# Scart zu DVI-D



## LU1J1X (15. April 2012)

Ich hab einen DVD-sowie einen VHS-Player, aber keinen Fernseher, deshalb will ich beides an meinen PC-Bildschirm anschließen.
Geht das mit dem Adapter? Die Rezensionen berichten alle nur, dass es nicht geht, einen PC an einen Fernseher anzuschließen.

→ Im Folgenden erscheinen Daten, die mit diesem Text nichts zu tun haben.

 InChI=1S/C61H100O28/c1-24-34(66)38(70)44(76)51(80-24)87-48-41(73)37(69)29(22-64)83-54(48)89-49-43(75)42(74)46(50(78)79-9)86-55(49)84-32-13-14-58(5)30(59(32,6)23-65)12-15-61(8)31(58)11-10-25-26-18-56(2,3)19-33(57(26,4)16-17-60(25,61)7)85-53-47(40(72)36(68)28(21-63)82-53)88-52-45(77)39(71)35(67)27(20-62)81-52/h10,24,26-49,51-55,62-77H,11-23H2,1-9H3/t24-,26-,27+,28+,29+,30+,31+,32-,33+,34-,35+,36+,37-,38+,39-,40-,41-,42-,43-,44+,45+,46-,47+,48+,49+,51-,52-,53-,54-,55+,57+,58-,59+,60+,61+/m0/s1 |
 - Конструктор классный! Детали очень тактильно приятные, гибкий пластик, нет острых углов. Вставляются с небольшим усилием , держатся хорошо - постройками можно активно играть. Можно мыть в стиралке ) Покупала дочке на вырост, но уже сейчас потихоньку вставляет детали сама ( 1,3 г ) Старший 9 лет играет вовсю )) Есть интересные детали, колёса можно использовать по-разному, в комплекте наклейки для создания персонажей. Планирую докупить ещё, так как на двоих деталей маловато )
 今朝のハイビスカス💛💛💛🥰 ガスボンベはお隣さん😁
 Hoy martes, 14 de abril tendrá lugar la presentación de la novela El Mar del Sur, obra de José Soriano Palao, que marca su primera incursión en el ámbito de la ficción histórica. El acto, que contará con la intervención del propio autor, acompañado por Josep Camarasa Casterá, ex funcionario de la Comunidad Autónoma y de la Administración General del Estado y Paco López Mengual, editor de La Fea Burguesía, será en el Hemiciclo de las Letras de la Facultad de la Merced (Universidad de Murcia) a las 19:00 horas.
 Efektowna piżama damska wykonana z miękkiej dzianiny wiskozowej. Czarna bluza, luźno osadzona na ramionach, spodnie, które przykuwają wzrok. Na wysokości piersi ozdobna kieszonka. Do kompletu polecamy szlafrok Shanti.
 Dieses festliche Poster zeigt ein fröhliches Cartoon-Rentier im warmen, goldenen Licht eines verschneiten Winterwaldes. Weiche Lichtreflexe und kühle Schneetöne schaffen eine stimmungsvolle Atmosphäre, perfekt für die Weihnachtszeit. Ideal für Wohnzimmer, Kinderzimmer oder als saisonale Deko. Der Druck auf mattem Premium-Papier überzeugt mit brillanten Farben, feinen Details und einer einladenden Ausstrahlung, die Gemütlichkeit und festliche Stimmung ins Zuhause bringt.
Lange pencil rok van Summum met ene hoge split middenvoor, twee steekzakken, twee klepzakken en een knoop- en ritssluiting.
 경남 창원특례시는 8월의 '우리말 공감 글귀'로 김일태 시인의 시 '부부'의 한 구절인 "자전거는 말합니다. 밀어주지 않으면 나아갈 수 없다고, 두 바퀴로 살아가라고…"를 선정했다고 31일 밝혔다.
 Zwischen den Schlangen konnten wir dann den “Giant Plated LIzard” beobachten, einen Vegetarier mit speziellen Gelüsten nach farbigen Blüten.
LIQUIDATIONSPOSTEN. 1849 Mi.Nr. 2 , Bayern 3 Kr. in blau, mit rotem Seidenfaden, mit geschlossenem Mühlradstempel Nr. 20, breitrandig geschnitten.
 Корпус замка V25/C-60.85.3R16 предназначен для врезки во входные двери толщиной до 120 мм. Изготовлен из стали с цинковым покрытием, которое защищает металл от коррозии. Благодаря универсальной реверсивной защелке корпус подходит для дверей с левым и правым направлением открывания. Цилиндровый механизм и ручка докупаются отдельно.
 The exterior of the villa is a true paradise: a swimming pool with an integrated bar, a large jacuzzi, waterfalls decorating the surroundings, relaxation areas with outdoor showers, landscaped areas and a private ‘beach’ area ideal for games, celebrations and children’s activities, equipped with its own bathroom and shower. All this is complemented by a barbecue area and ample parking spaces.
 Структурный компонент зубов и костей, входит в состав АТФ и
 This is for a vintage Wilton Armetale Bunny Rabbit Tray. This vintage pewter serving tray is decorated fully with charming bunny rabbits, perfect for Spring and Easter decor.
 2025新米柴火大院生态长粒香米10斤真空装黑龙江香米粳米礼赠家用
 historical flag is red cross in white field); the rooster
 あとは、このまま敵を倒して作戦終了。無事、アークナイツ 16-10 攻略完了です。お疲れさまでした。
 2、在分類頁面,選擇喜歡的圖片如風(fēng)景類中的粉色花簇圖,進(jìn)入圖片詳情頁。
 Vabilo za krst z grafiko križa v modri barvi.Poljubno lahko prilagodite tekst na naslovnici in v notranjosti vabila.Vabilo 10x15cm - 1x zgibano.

http://www.amazon.de/DELOCK-Kabel-V...1_1?s=computers&ie=UTF8&qid=1334484650&sr=1-1


----------



## Olstyle (15. April 2012)

Vorher ist wohl zu klären ob deine Spieler ein RGB Signal ausgeben können. Das kann einfach auf VGA adaptiert werden, Composite Video aber nicht.
VGA SCART
Auf DVI-D(D steht dabei für rein Digital) dagegen kann man garnicht adaptieren, da muss unabhängig vom Ausgangssignal eine A/D-Wandlerelektronik dazwischen.


----------



## LU1J1X (15. April 2012)

meinst du Scart RGB?


----------



## MetallSimon (15. April 2012)

Man könnte auch soetwas nehmen: 2m VGA an RGB YUV Kabel, 15-pol HD St an 3 x Cinch St: Amazon.de: Computer & Zubehör


----------



## NuTSkuL (15. April 2012)

wie bereits geschrieben kann es garkeine "stinknormalen" adapter geben, da scart analgog und dvi digital ist. und dies ist leider auch ein wenig teurer

wenn du nen AVR besitzt, wär das ganze evtl möglich


----------



## Superwip (16. April 2012)

Was hast du für einen DVD Player?

Beim VHS _Player_ sehe ich ziemlich schwarz, wenn es wirklich ein reiner Player ist muss er extrem alt und gleichzeitig ein low-end Gerät sein, entsprechend gering ist die Wahrscheinlichkeit, dass er RGB SCART oder YPbPr/YUV hat


----------